The shocking shooting that left 14 children dead at a school in Texas is forcing parents and schools to once again confront how to talk to kids about violence.

Experts have told The Times these are complex and sensitive conversations, but also vital.

Kids are “anxious and worried, and they’re dealing with the unknown,” one specialist told The Los Angeles Times after the 2015 terrorist attack in San Bernardino, California. “Parents have to be role models in terms of establishing a sense of safety, security, predictability.”

Here are some tips experts have suggested from previous Times coverage:

1. Check in with your child and talk to them about their concerns.


The first thing adults should do is make sure their child or adolescent knows they are willing and available to talk with them, Stephen Brock, a professor of school psychology at Cal State Sacramento, told The Times in 2019.

Younger kids may not be as worried. But teenagers are likely to know more and have concerns, so it’s better to address the subject directly with them rather than avoid it, said Carol Vidal, a child and adolescent psychiatrist at Johns Hopkins University, that same year.

2. Give kids reassuring facts about their safety.

Parents should immediately reassure children that they are safe — a practice that extends to all trauma survivors.

With younger children, adults can explain all that adults do to keep them safe, such as locking doors and conducting emergency drills.

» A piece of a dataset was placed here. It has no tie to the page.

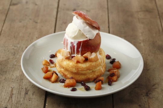 第1弾として9月はジューシィーな”洋梨”、第2弾の10月はほっくりな”かぼちゃ”、第3弾の11月は食感も楽しい”リンゴ”で展開。ボリューム満点のまるごとパンケーキが楽しめる。

Parents also can and should tell their children that school is a safe place for them.

3. Treat children according to their age.

Give young children only brief, simple information. These children are less verbal so they may communicate about their anxiety by drawing or playing, Vidal said. Answer their questions with specifics, but don’t overload them.


For middle- and high-school age youth, more detailed conversations will be appropriate. The best place to have that conversation depends on the teen — it could be in the car or while a friend is present, instead of just sitting and talking about the event one on one.

4. Limit exposure to the media.

This is true for youth of all ages. Violent images can cause secondary trauma, and developmentally inappropriate information can cause anxiety and confusion. For younger children, “every time they watch the news, they feel like it’s a new event as opposed to repetition of the same event. It’s important for them not to watch too much,” Vidal said.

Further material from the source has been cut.